__Task to carry out__: Pictures are to be omitted. Output only the lines from the one containing "Брентфорд се среќава" through the end of the data, word for word.

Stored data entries
────────────────────

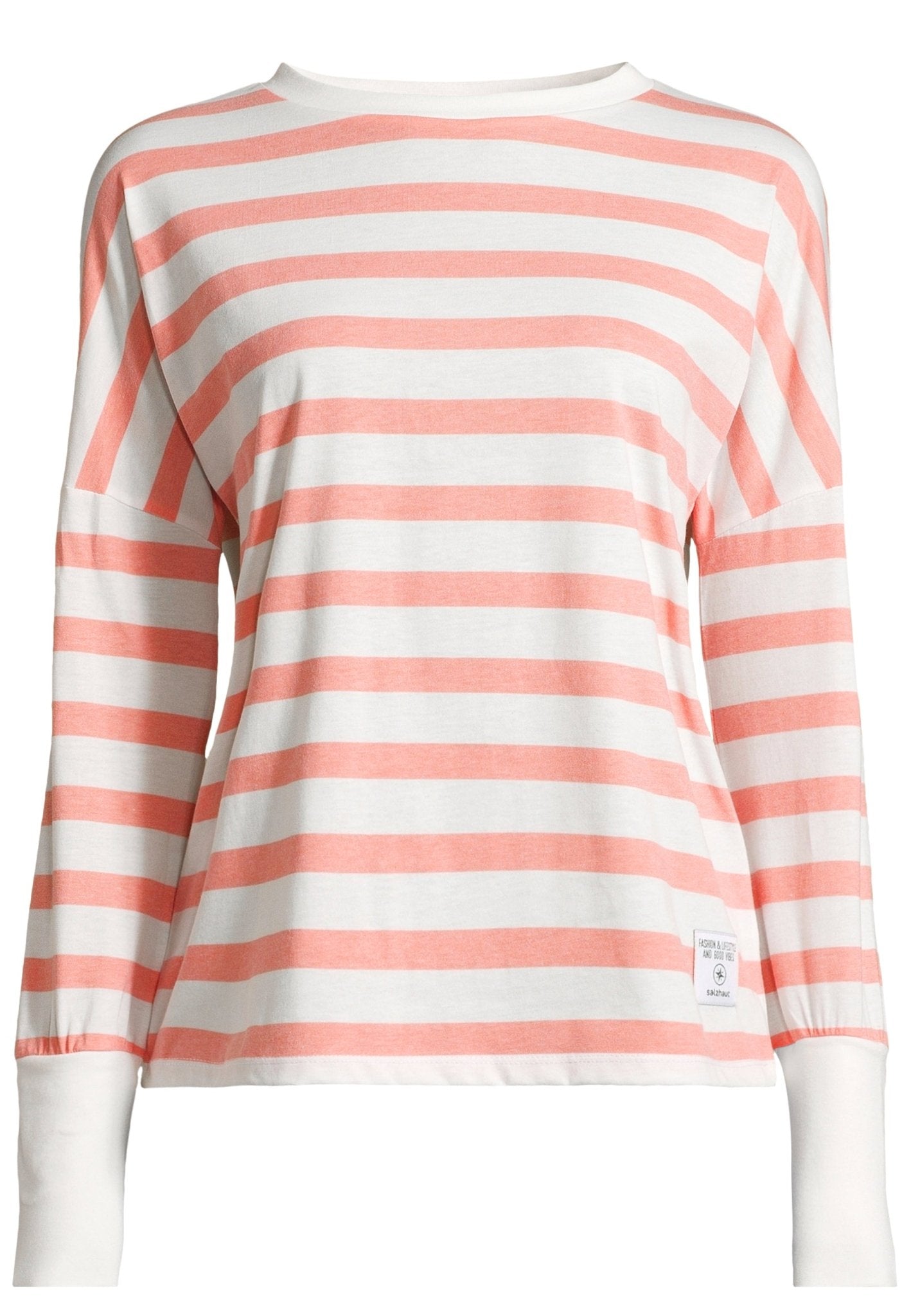In Sachen Qualität überzeugt das KLUET durch eine weiche Baumwollmischung im Single-Jersey, die sich sanft auf der Haut anfühlt und lange Freude bereitet. Hergestellt in Europa unter fairen Bedingungen steht das Damen Langarmshirt für sorgfältige Verarbeitung und nachhaltige Produktion, ergänzt durch dezente Streifen in den frischen Farbkombinationen beige-aqua oder beige-coral. Solche Details zeigen die Liebe zum Handwerk bei Salzhaut.
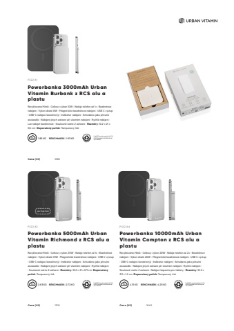 8 3your logo here P322.81Powerbanka 3000mAh Urban Vitamin Burbank z RCS alu a plastuRecyklovan%u00e1 Hlin%u00edk %u2022 Celkov%u00fd v%u00fdkon 10W %u2022 Nabije telefon a%u017e 1x %u2022 Bezdr%u00e1tov%u00e9 nab%u00edjen%u00ed %u2022 V%u00fdkon dra%u017e%u00e9 8W %u2022 Magnetick%u00e9 bezdr%u00e1tov%u00e9 nab%u00edjen%u00ed %u2022 USB C v%u00fdstup %u2022 USB-C nab%u00edjec%u00ed konektor(y) %u2022 Indik%u00e1tor nab%u00edjen%u00ed %u2022 Schv%u00e1leno jako p%u0159%u00edru%u010dn%u00ed zavazadlo %u2022 Nab%u00edjen%u00ed jin%u00fdch za%u0159%u00edzen%u00ed p%u0159i vlastn%u00edm nab%u00edjen%u00ed %u2022 Rychl%u00e9 nab%u00edjen%u00ed %u2022Lze nab%u00edjet bezdr%u00e1tov%u011b %u2022 Sou%u010dasn%u011b na%u010dte 2 za%u0159%u00edzen%u00ed %u2022 Rozm%u011bry: 10,2 x 21 x0,6 cm Doporu%u010den%u00fd potisk: Tamponov%u00fd tisk1.85 KG %u0009 BENCHMARK: 1.93 KG Pod%u00edl RCS recyklovan%u00e1 hlin%u00edk: 15 %. CERTIFIKOV%u00c1NO KONTROLN%u00cd UNI%u00cd (CU 1162221)Cena (K%u010d) 1080 P322.82Powerbanka 5000mAh Urban Vitamin Richmond z RCS alu a plastuRecyklovan%u00e1 Hlin%u00edk %u2022 Celkov%u00fd v%u00fdkon 20W %u2022 Nabije telefon a%u017e 1x %u2022 Bezdr%u00e1tov%u00e9 nab%u00edjen%u00ed %u2022 V%u00fdkon dra%u017e%u00e9 15W %u2022 Magnetick%u00e9 bezdr%u00e1tov%u00e9 nab%u00edjen%u00ed %u2022 USB C v%u00fdstup %u2022 USB-C nab%u00edjec%u00ed konektor(y) %u2022 Indik%u00e1tor nab%u00edjen%u00ed %u2022 Schv%u00e1leno jako p%u0159%u00edru%u010dn%u00edzavazadlo %u2022 Nab%u00edjen%u00ed jin%u00fdch za%u0159%u00edzen%u00ed p%u0159i vlastn%u00edm nab%u00edjen%u00ed %u2022 Rychl%u00e9 nab%u00edjen%u00ed %u2022 Sou%u010dasn%u011b na%u010dte 2 za%u0159%u00edzen%u00ed %u2022 Rozm%u011bry: 10,2 x 21 x 0,9 cm Doporu%u010den%u00fd potisk: Tamponov%u00fd tisk2.63 KG %u0009 BENCHMARK: 2.72 KG Pod%u00edl RCS recyklovan%u00e1 hlin%u00edk: 15 %. CERTIFIKOV%u00c1NO KONTROLN%u00cd UNI%u00cd (CU 1162221)Cena (K%u010d) 1310 P322.84Powerbanka 10000mAh Urban Vitamin Compton z RCS alu a plastuRecyklovan%u00e1 Hlin%u00edk %u2022 Celkov%u00fd v%u00fdkon 20W %u2022 Nabije telefon a%u017e 2x %u2022 Bezdr%u00e1tov%u00e9 nab%u00edjen%u00ed %u2022 V%u00fdkon dra%u017e%u00e9 20W %u2022 Magnetick%u00e9 bezdr%u00e1tov%u00e9 nab%u00edjen%u00ed %u2022 USB C v%u00fdstup %u2022 USB-C nab%u00edjec%u00ed konektor(y) %u2022 Indik%u00e1tor nab%u00edjen%u00ed %u2022 Schv%u00e1leno jako p%u0159%u00edru%u010dn%u00ed zavazadlo %u2022 Nab%u00edjen%u00ed jin%u00fdch za%u0159%u00edzen%u00ed p%u0159i vlastn%u00edm nab%u00edjen%u00ed %u2022 Rychl%u00e9 nab%u00edjen%u00ed %u2022Sou%u010dasn%u011b na%u010dte 2 za%u0159%u00edzen%u00ed %u2022 Nab%u00edjec%u00ed kapacita pro tablety %u2022 Rozm%u011bry: 10,2 x21,1 x 1,4 cm Doporu%u010den%u00fd potisk: Tamponov%u00fd tisk4.13 KG %u0009 BENCHMARK: 4.25 KG Pod%u00edl RCS recyklovan%u00e1 hlin%u00edk: 11 %. CERTIFIKOV%u00c1NO KONTROLN%u00cd UNI%u00cd (CU 1162221)Cena (K%u010d) 1640
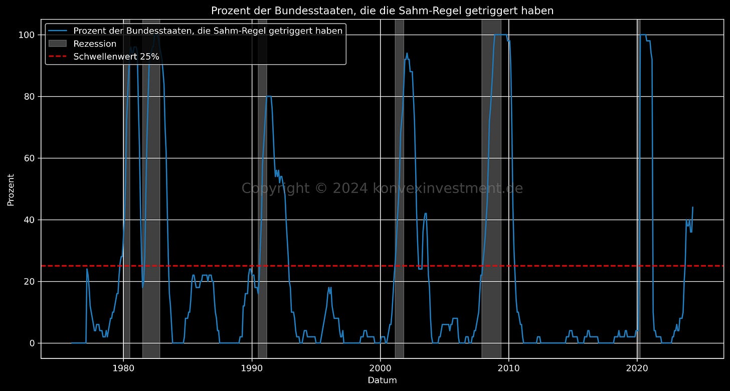Die Anzahl der Bundesstaaten, die einen starken Anstieg der Arbeitslosenquote erleben, hat weiter zugenommen. Historisch gesehen gibt es keinen kleinen Anstieg der Arbeitslosenquote. Einmal in Gang gesetzt, entstehen negative Feedbackschleifen, und die Arbeitslosenquote steigt massiv.
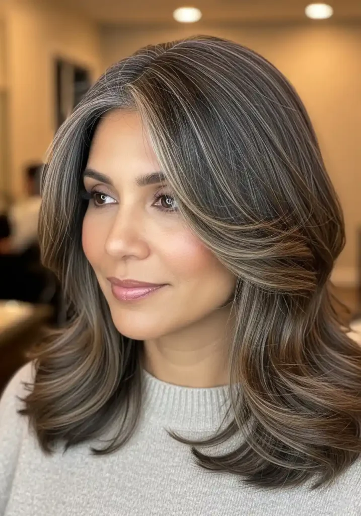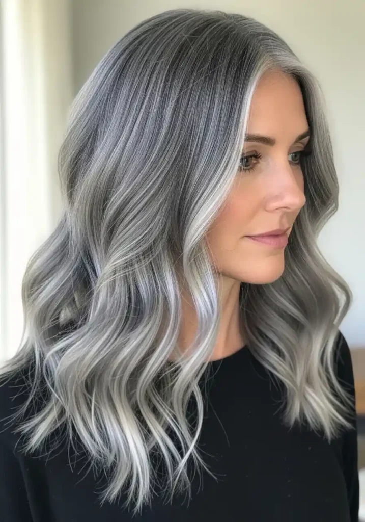 The balayage gray blend works particularly well for women with naturally wavy or curly hair, where the freehand painted tones interact with the natural texture to create a color distribution that follows the individual curve of each wave or curl in a way that appears completely natural and completely in harmony with the hair’s own movement pattern. The grow-out quality of balayage gray blending is one of its most celebrated practical advantages, as the freehand technique creates no obvious root line that makes new growth immediately visible, meaning the blend continues to look beautiful and intentional for four to six months between appointments rather than the four to six weeks required by traditional root touch-up services.
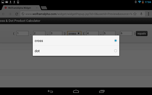 Enter any two vectors and this calculates the cross and dot product, and this generates the solution. It also shows the step by step workings to the solution and basically does just what it says on the tin.
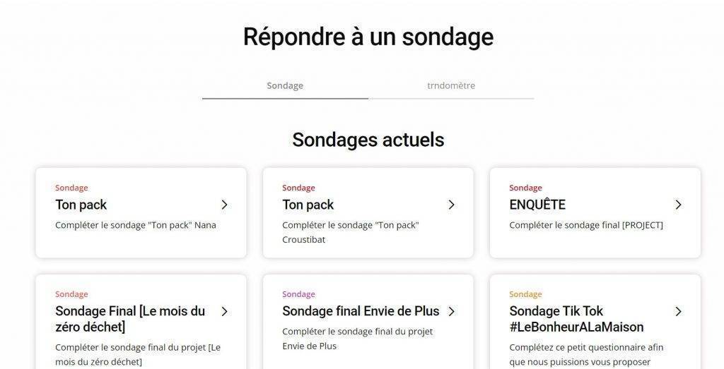 Pour avoir un profil intéressant, n’hésitez pas à répondre vigoureusement aux nombreux sondages et enquêtes. C’est ainsi que vous pourrez décrocher des produits gratuits. Pour vous inscrire en tant que testeur chez trdn.com, veuillez cliquer sur ce lien : trnd.com/fr.
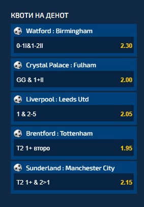 Брентфорд се среќава со Тотенхем и квотата на денот е 1.95, ако гостите постигнат најмалку еден гол во второто полувреме.
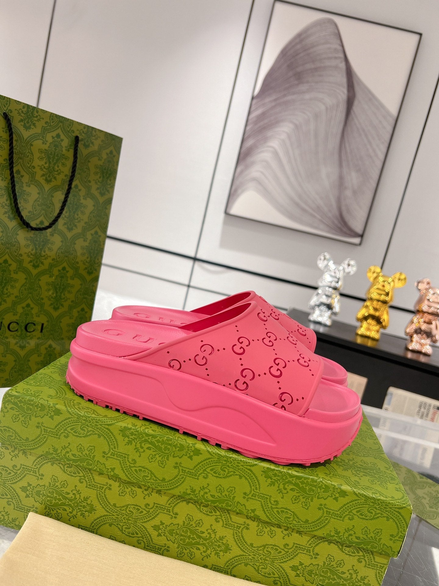 GC 25 50mm Monogram Slide Sandal Pink Cowhide 292396
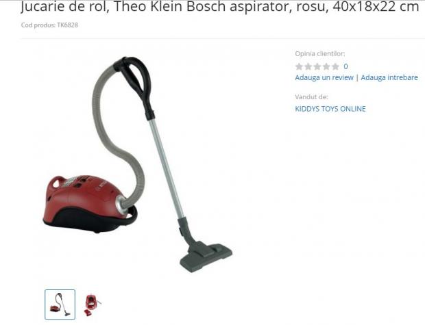 Nici prețul nu seamănă cu al unei jucării. De asemenea, la fel ca în cazul oricărui produs, există descrierea aspiratorului, cu caracteristicile și recomandările necesare vârstei, respectiv peste trei ani.

────────────────────

__Exercise result__:
 Брентфорд се среќава со Тотенхем и квотата на денот е 1.95, ако гостите постигнат најмалку еден гол во второто полувреме.
 GC 25 50mm Monogram Slide Sandal Pink Cowhide 292396
 Nici prețul nu seamănă cu al unei jucării. De asemenea, la fel ca în cazul oricărui produs, există descrierea aspiratorului, cu caracteristicile și recomandările necesare vârstei, respectiv peste trei ani.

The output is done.